La luz parpadeante de los faroles proyecta un resplandor cálido sobre las viejas vigas de madera de la Taberna Wyrmwood, un santuario para los cansados y los errantes. Afuera, los vientos aullantes azotan los árboles retorcidos del bosque que la rodea, cuyas ramas nudosas se asemejan a dedos esqueléticos que intentan alcanzar la luna. El aire está cargado con el aroma de carne asada y cerveza especiada, mezclado con un matiz de algo más siniestro: un dejo de azufre que habla de las oscuras criaturas que, según se dice, merodean por el bosque.

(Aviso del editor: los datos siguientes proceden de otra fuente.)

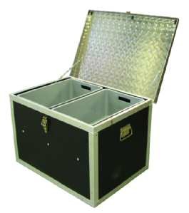 Stabiler verwindungssteifer Alu-Rahmen Wände aus hochfesten Siebdruckplatten Boden aus hochfesten, wasserdichten OSB-Platten Deckel aus Alu-Riffelblech Abschließbare Spann - Verriegelung 4 Ringösen für Stapler / Krantransport 2 klappbare Tragegriffe Links und rechts verlaufender Rahmen zur Aufnahme von Schubkästen

Empujas la pesada puerta de roble, cuyo chirrido resuena por toda la bulliciosa taberna. Un coro de risas y tintineo de jarras te da la bienvenida, pero bajo la superficie jovial, una inquietud cuelga como una niebla. Los parroquianos de la taberna —granjeros, cazadores y algún que otro pícaro— te observan con curiosidad mientras te abres paso hasta la barra, tus botas resonando contra el suelo de piedra.
«¡Ah, carne fresca!» truena una voz profunda desde detrás del mostrador. Te giras y ves a Gorak, el corpulento tabernero, secándose las manos en un delantal manchado. «¿Qué va a ser? ¿Cerveza, hidromiel o algo más fuerte para ahogar las sombras?»